Write out nothing except the lines of the entries below, from the first through the one containing "이 그림에서 레이저는", exactly and without pictures.

Start of RECORDS SHOWN

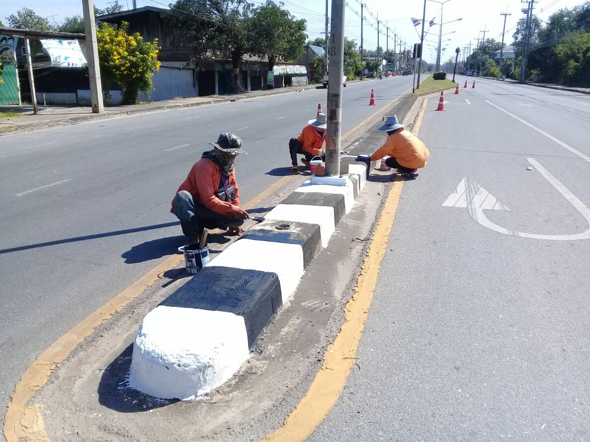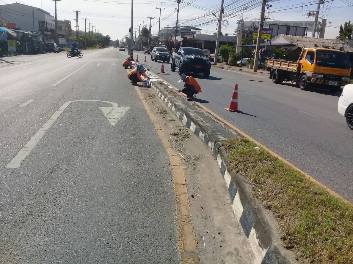 2.ทาสีขาว,ดำ ขอบเกาะกลาง ในทล.35480100 ที่ กม.1+400 -1+600
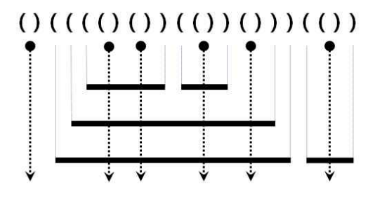 이 그림에서 레이저는 맞닿아있는 괄호들 () 이고 여는 괄호가 있으나 바로 뒤에 닿는 괄호가 나오지 않는 것들은 막대이다.
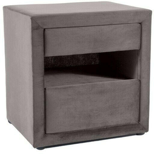 Elegáns tárolási megoldás a hálószobába Az ET-003 Velvet éjjeliszekrény a modern hálószoba tökéletes kiegészítője. A szürke bársony kárpitozású bútor két tágas fiókkal rendelkezik, amelyek között 14 cm távolság található. A 54 cm magas, 41 cm széles és 52 cm mély szekrény kompakt méretei ellenére jelentős tárolókapacitást biztosít. A prémium minőségű b
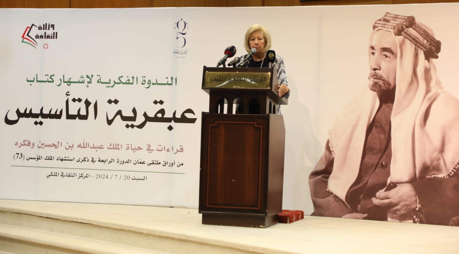 وأشارت إلى أن هذا الكتاب، هو حصيلة أوراق بحثية عقدت ضمن ملتقى عمان الرابع 1995، في ذكرى استشهاد المغفور له بإذن الله الملك المؤسس، وتم جمعها بعد 3 عقود وتمثل قراءات في حياة الملك المؤسس وفكره، قدمها مجموعة من القامات الفكرية والسياسية والثقافية، وترصد لحظة العبقرية في تأسيس الدولة الأردنية التي نمت في ظل ظروف عالمية معقدة، وتحديات إقليمية عاصفة، لافتة إلى أن وزارة الثقافة تبني على إنجاز تراكمي.
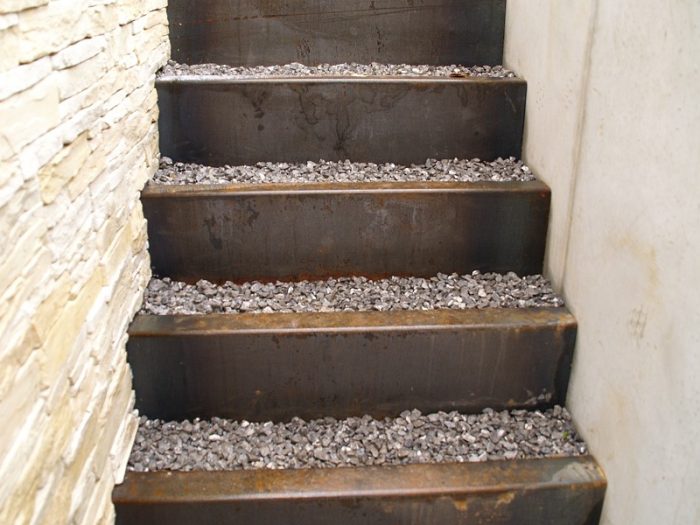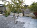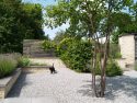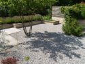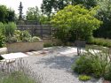 Raumvergrößernd wirkt auch die sparsame Verwendung gestalterischer Elemente: zwei Hochbeete, zwei Felsenbirnen, zwei Heckenriegel, sowie das zentrale Element Sitzplätzchen mit Sitzquader. Die Gliederung des Gartens in Bereiche wird mit diesen nur angedeutet, dennoch ist das Raumgefühl klar und ruhig. Die Materialien spielen dabei keine unwesentliche Rolle. Der eingefärbte Beton korrespondiert sehr gut mit der Mauerverblendung, dem Splitt und dem Holz. Die Anmutung ist unaufdringlich modern.
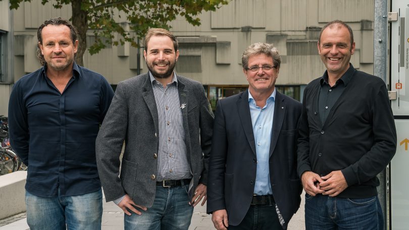 Foto: Starbulls Rosenheim: v.l.n.r.: Herbert Obermaier (Sportbeauftragter Hochschule Rosenheim), Marcus Thaller (Starbulls Rosenheim), Prof. Dr. h.c. Heinrich Köster (Präsident Hochschule Rosenheim), Oliver Heller (Kanzler Hochschule Rosenheim)
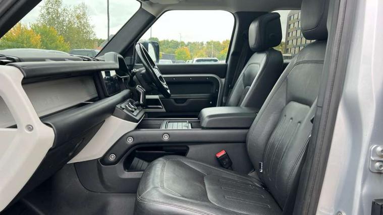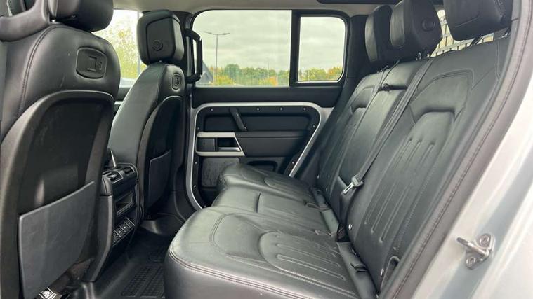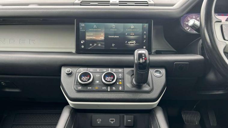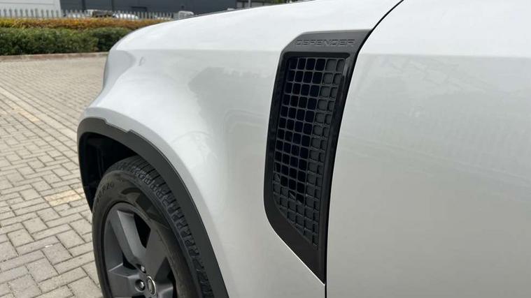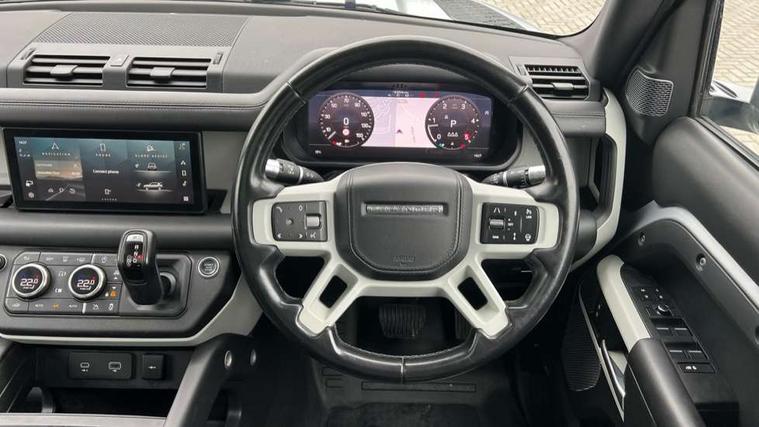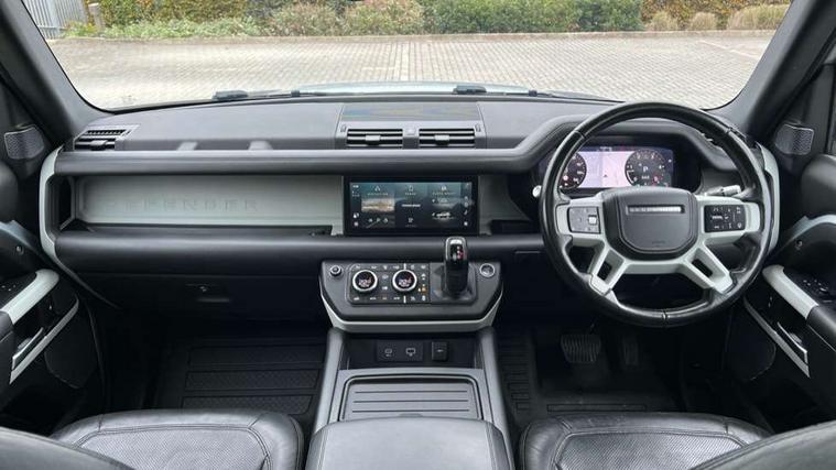 10" touch screen, 360 degree parking aid, 3D Surround Camera with 360 View, 180 Rear View, Front Traffic Detection, Forward Vehicle Guidance, Tow Hitch Assist and clear sight Ground View, Adaptive cruise control, Android Auto, Apple CarPlay, Blind spot assist, Bluetooth system, Clear exit monitor, Click and go integrated base unit, Connected navigation pro, Driver condition monitor, Interactive driver display, Lane keep assist, PAS, Pivi Pro connected navigation system with upgraded Infotainment, Rear collision monitor, Rear traffic monitor, Traffic sign recognition with adaptive speed limiter, Trip computer, Wade Sensing, Adaptive dynamics, Electronic air suspension, DAB Radio (Digital Audio Broadcasting), Automatic headlight levelling, Automatic headlights, ClearSight interior rear view mirror, Front fog lights, Heated windscreen, LED tail lights, Matrix LED headlights with signature DRL, Power fold, auto-dimming, heated door mirrors with memory and approach lights, Puddle lights, Rain sensing windscreen wipers, Signature graphic (with interior storage), Sliding panoramic roof, Standard treadplates, 14 way heated and cooled electric adjustable memory front seats with 4 way manual headrests, Carpet mats, Electric reach + rake adjustable steering column, Extended leather upgrade, Front passenger isofix child seat attachment, Heated steering wheel, Leather gearshift, Leather steering wheel, Loadspace cover, Morzine headlining, Multifunction steering wheel, Rear headrests, Rear ISOFIX, Sunvisors with illuminated vanity mirrors, Twin front cupholders with cover, Windsor leather upholstery, Online pack with data plan - Defender, 5 x 3 point seatbelts, ABS, Driver and passenger airbags, Emergency braking, ESP + traction control, TPMS (Tyre pressure monitoring system), Alarm, Immobiliser, Intrusion sensor, Keyless entry and go, Locking wheel nuts, Remote locking,

End of RECORDS SHOWN

▶ [WORKED SOLUTION]
 2.ทาสีขาว,ดำ ขอบเกาะกลาง ในทล.35480100 ที่ กม.1+400 -1+600
 이 그림에서 레이저는 맞닿아있는 괄호들 () 이고 여는 괄호가 있으나 바로 뒤에 닿는 괄호가 나오지 않는 것들은 막대이다.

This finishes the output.